Rusia Targetkan Alexey Navalny dengan Racun Berbahaya

[original_title]

Jackiecilley.com – Lima negara NATO Eropa, yaitu Inggris, Prancis, Jerman, Swedia, dan Belanda, menuduh Rusia terlibat dalam kematian musuh politik Presiden Vladimir Putin, Alexey Navalny, dengan menggunakan racun katak panah yang sangat berbahaya. Tuduhan ini dilontarkan pada Sabtu, 14 Februari 2026, berdasarkan hasil uji laboratorium yang dilakukan terhadap sampel jaringan dari tubuh Navalny.

Dalam pernyataan bersama, kelima negara tersebut mengungkapkan bahwa sampel menunjukkan adanya racun mematikan yang dikenal sebagai epibatidine, yang berasal dari katak panah liar di Amerika Selatan.

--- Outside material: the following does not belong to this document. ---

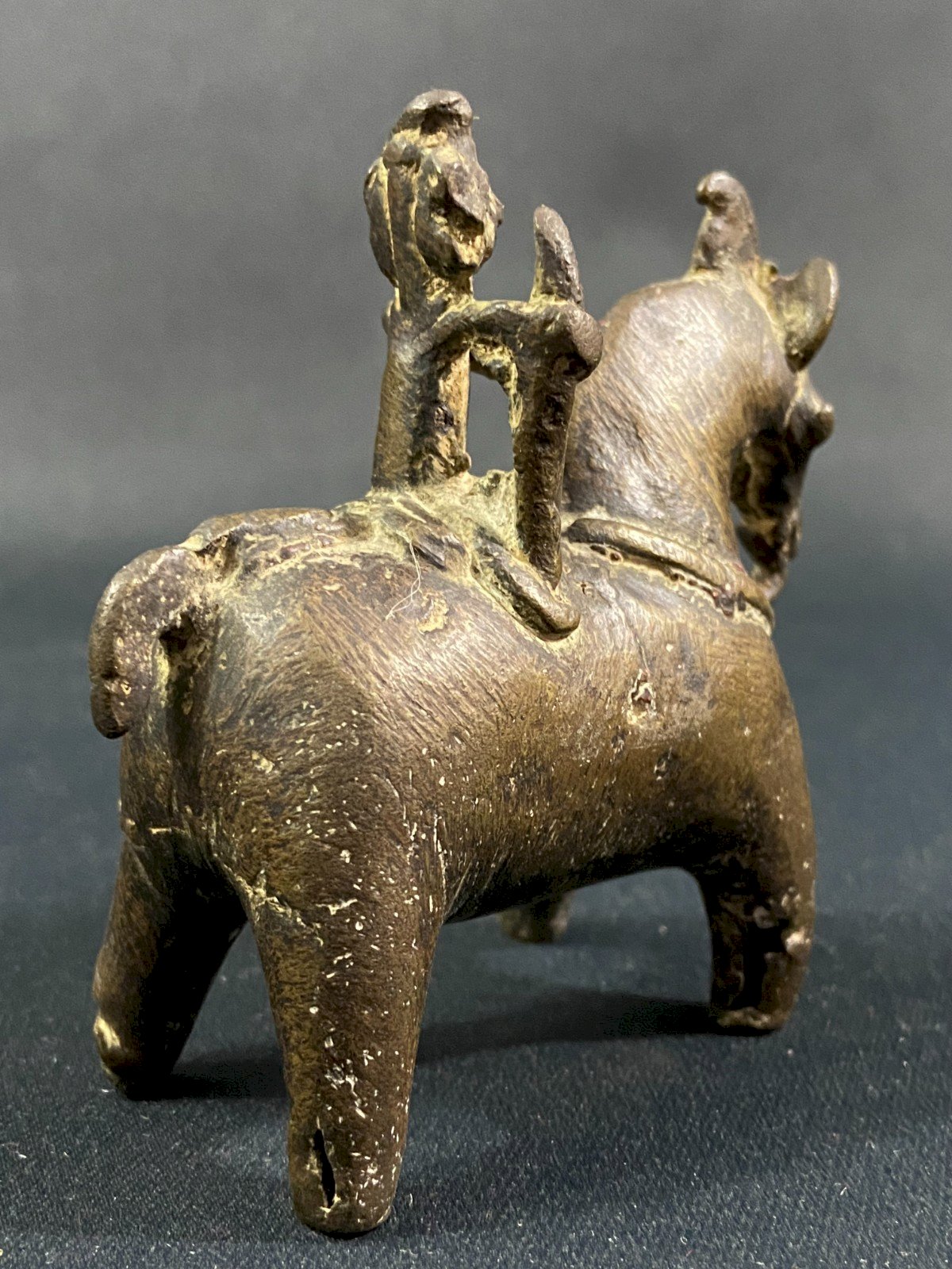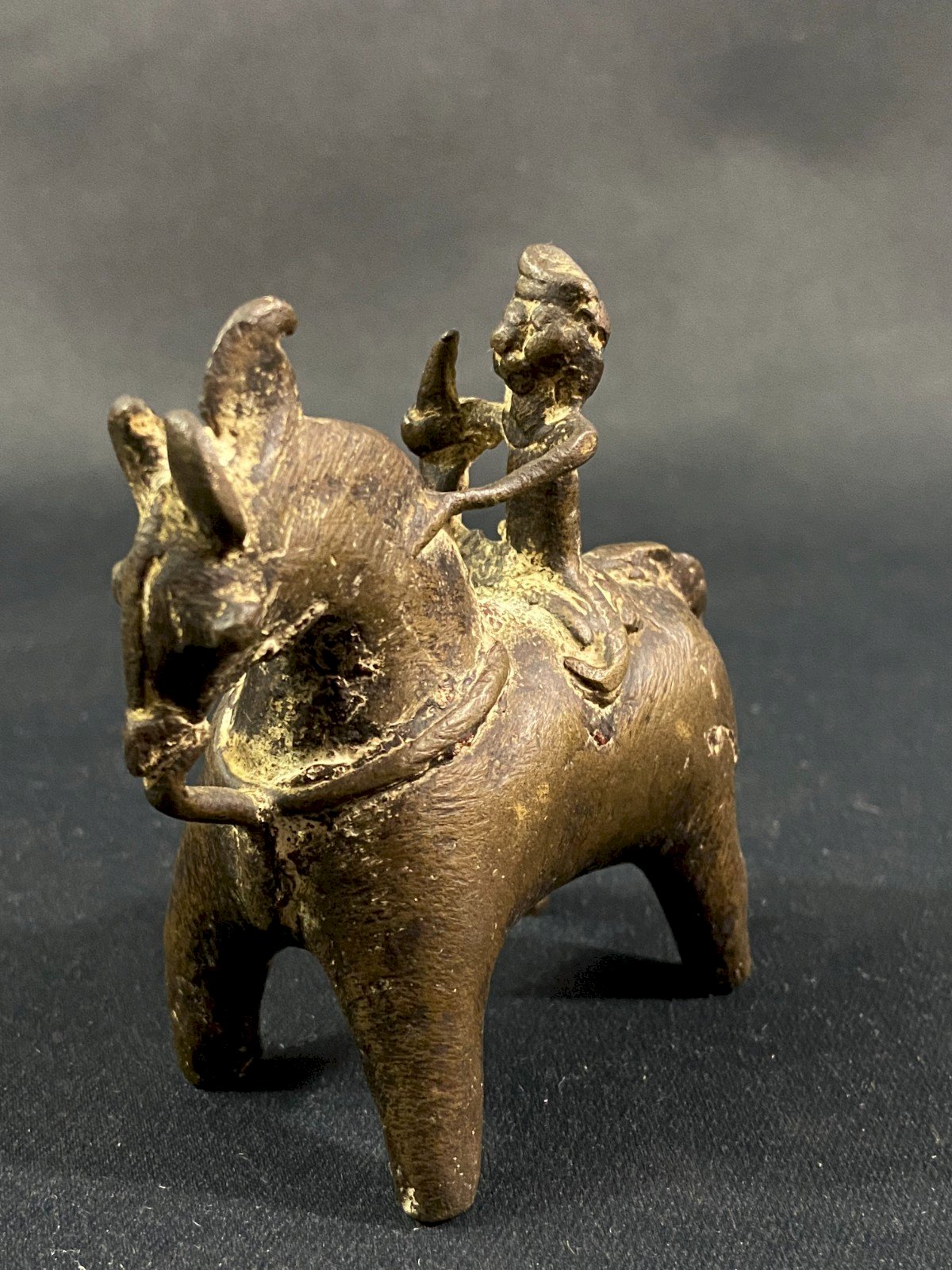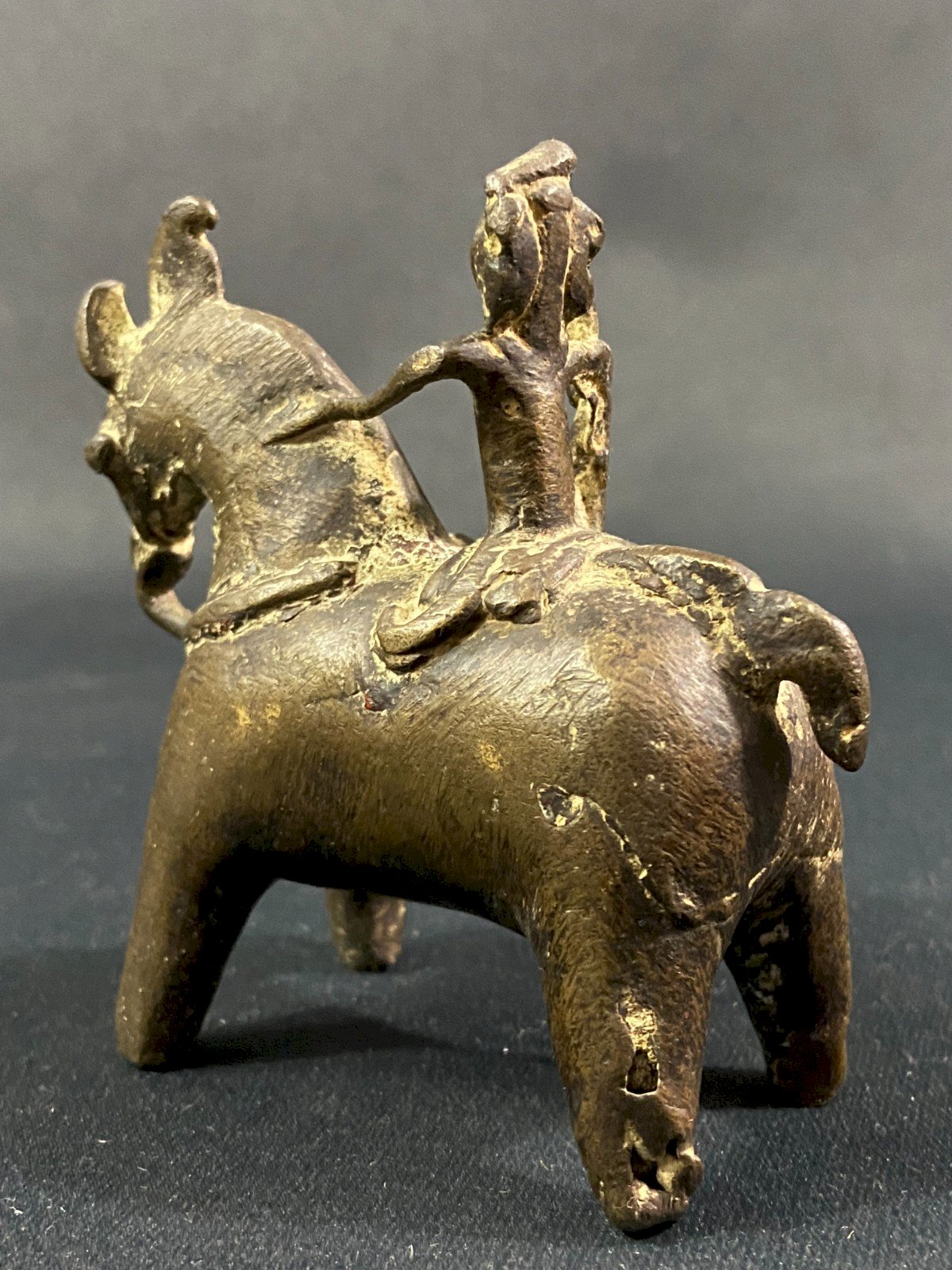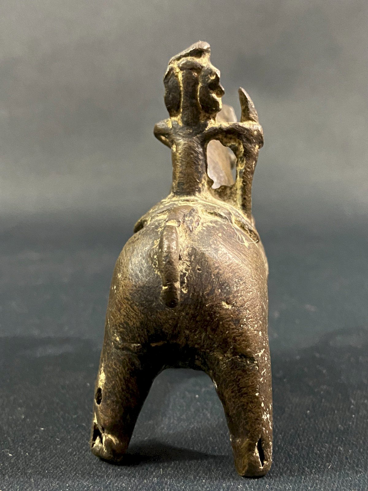 Prestige cavalry figure of the Mossi in bronze from Burkina Faso (Upper Volta), mid-20th century. Symbol of authority and power of the ancient Mossi cavalry kingdoms. Lost-wax casting. Stocky horse with curved ears, detailed reins and collar. Prestige piece with a brown patina. Maximum dimensions: 8.5 x 3.7 x Height 8.6 cm. Weight: 240 grams. Signs of wear and minor casting defects. Very careful shipping worldwide. Authenticity: Original. Type: Figurine, Statue. Origin: Africa. Country of manufacture: Burkina Faso. Material: Bronze.

Racun ini diketahui 200 kali lebih kuat daripada morfin, dan dianggap sebagai sebab utama kematian Navalny. Negara-negara tersebut menyatakan keyakinan bahwa Rusia memiliki sarana, motif, dan kesempatan untuk melakukan tindakan tersebut.

Navalny, seorang aktivis anti-korupsi yang dikenal berani melawan rezim Kremlin, meninggal dunia pada 16 Februari 2024, saat menjalani hukuman penjara selama 19 tahun yang dia anggap bermotivasi politik. Kematian ini mengundang perhatian internasional dan menambah ketegangan antara Rusia dan negara-negara Barat.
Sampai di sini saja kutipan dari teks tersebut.